## RECORD EXTRACTS
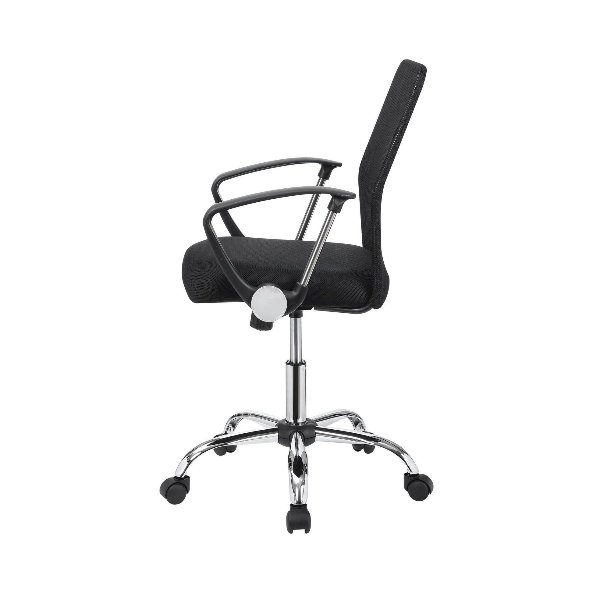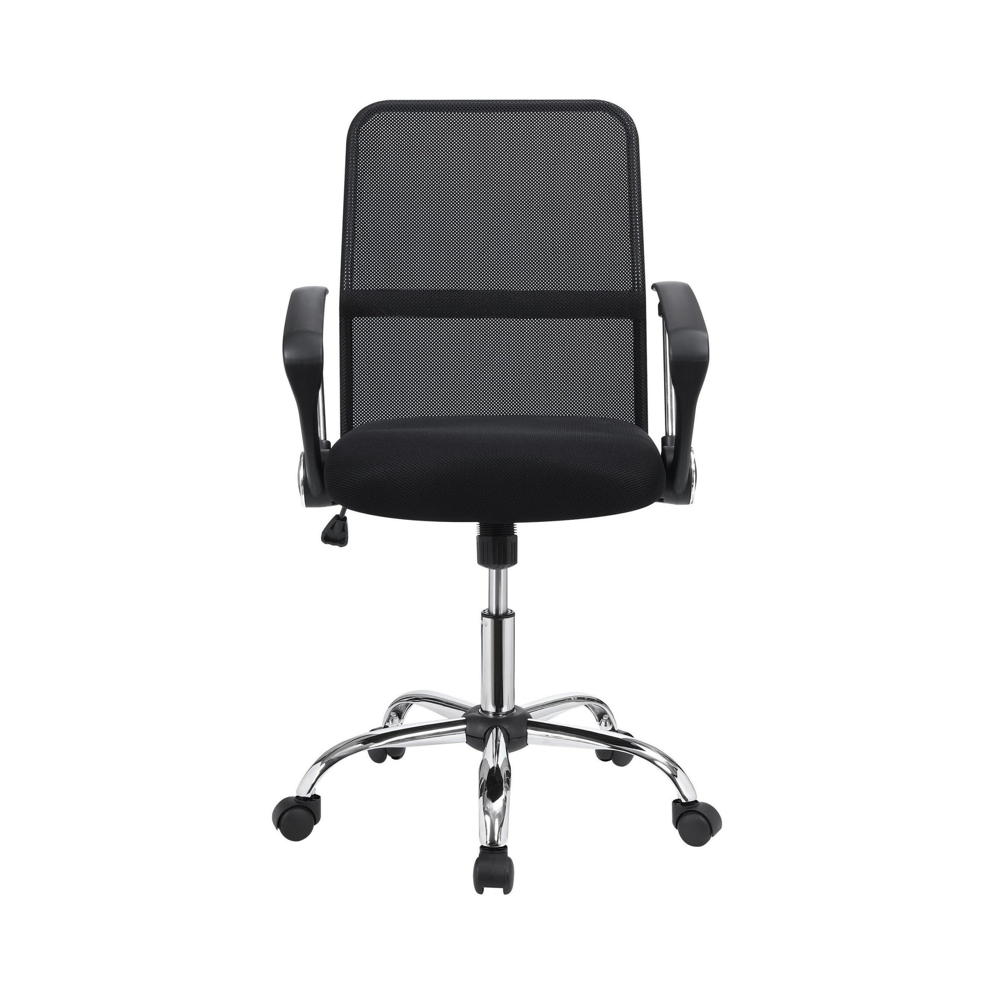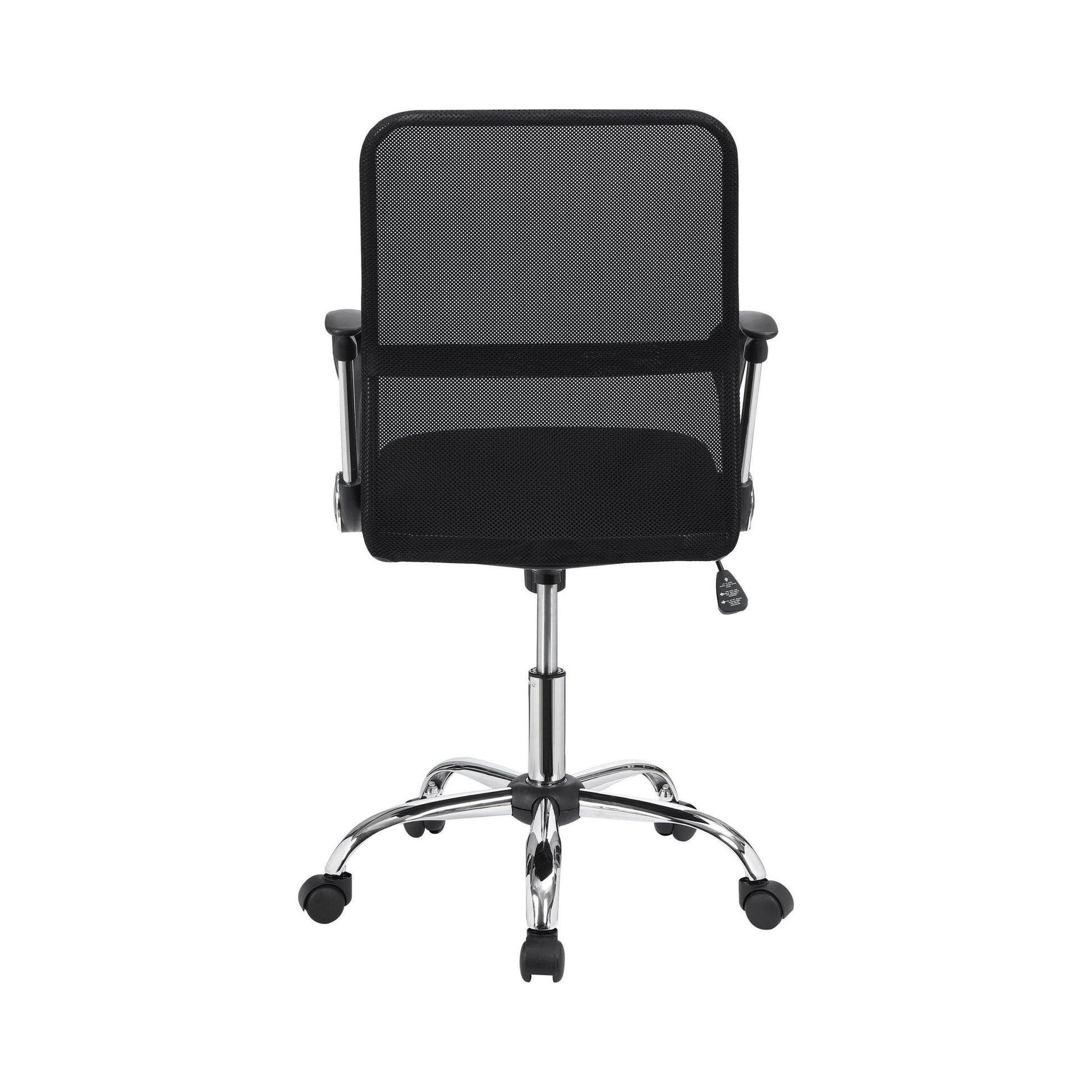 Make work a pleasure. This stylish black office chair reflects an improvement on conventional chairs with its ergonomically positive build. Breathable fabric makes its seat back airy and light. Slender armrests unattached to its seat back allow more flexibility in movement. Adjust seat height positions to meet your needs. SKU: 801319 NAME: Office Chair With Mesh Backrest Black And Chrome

==

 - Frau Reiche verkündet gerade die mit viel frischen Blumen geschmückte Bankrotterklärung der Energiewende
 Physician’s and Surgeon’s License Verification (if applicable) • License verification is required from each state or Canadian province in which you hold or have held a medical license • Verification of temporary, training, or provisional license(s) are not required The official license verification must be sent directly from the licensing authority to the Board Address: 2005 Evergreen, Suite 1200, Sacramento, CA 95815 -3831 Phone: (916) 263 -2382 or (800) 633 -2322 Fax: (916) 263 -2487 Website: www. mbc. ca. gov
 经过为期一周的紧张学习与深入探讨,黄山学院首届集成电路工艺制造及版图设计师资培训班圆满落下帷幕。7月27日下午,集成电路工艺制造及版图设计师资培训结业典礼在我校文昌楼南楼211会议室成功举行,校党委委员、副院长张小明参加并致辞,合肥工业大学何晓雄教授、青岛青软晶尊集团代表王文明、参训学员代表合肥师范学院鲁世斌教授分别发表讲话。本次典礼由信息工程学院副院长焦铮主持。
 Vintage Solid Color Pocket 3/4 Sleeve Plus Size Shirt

## WHAT THE TASK ASKS
Above this instruction are the records; retype exactly the lines from the one containing "Physician’s and Surgeon’s" up to and including the one containing "经过为期一周的紧张学习与深入".

## ANSWER FOR THIS EXERCISE
 Physician’s and Surgeon’s License Verification (if applicable) • License verification is required from each state or Canadian province in which you hold or have held a medical license • Verification of temporary, training, or provisional license(s) are not required The official license verification must be sent directly from the licensing authority to the Board Address: 2005 Evergreen, Suite 1200, Sacramento, CA 95815 -3831 Phone: (916) 263 -2382 or (800) 633 -2322 Fax: (916) 263 -2487 Website: www. mbc. ca. gov
 经过为期一周的紧张学习与深入探讨,黄山学院首届集成电路工艺制造及版图设计师资培训班圆满落下帷幕。7月27日下午,集成电路工艺制造及版图设计师资培训结业典礼在我校文昌楼南楼211会议室成功举行,校党委委员、副院长张小明参加并致辞,合肥工业大学何晓雄教授、青岛青软晶尊集团代表王文明、参训学员代表合肥师范学院鲁世斌教授分别发表讲话。本次典礼由信息工程学院副院长焦铮主持。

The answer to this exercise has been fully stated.